The corporate venture strategy involves interacting and forming relationships with venture funds. It is used by corporations wanting to access different ecosystems and technology without building it themselves or acquiring the company. There are various ways to approach this strategy.
- Arms Length Approach - An agreement or an alliance with the company, through the venture fund, towards a particular goal. In this approach, the venture fund will introduce the company to the larger organization and gain strategic alignment.
- Sponsorship Approach - The sponsorship approach is much like the arms-length approach, with one significant difference. Without taking any equity, the larger company will make a financial commitment to work and help with the fund.
- Investment Approach - This approach invests in the venture fund without strategic alignment with its portfolio companies.
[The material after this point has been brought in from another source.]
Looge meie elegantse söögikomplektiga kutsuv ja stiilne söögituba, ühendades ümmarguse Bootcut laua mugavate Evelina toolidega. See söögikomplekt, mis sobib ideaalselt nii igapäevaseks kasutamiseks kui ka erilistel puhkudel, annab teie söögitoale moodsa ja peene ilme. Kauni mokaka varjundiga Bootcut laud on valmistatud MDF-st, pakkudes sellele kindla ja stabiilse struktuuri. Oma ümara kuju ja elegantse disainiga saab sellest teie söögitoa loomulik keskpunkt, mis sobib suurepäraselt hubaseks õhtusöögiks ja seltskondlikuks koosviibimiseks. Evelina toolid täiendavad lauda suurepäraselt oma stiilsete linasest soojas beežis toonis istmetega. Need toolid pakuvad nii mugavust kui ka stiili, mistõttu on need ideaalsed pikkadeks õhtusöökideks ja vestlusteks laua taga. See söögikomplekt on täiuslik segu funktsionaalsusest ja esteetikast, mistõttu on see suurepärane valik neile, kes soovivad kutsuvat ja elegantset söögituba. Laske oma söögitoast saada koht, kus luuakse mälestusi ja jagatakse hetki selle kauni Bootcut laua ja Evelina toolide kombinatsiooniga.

Benefits of the Corporate Venture Strategy
Regardless of what approach a company takes, there are many reasons why organizations should look into corporate venture strategy. Here are the significant benefits:
- Market Intel - Large companies will see the market from a venture capitalist's perspective. VCs typically see products or technologies way ahead of time before anyone else.
- Increase Presence - By affiliating with newer companies with advanced technologies, larger companies can build their brand and increase their presence in the more recent-generation market.
- Building Relationships - Corporate venture strategy is an excellent opportunity to build relationships with portfolio companies that may have the technologies needed by larger companies.
- Potential Ecosystem - Sometimes, investors can leverage the portfolio company's existing relationship with other businesses.
- Potential M&A - Partnerships with the portfolio company will provide insights into their operation and culture, which is a great way to assess potential acquisitions.
- Potential ROI - Aside from the other benefits, corporate venturing also has the potential of earning the invested money back.
Advice for First Timers
While corporate venture strategy is highly beneficial, Larry doesn't recommend companies becoming venture capitalists, especially for first-timers. It is highly complex and would require a team to be effective. Instead, the best way to learn and gain experience is to partner with venture capitalists and see what they're doing first.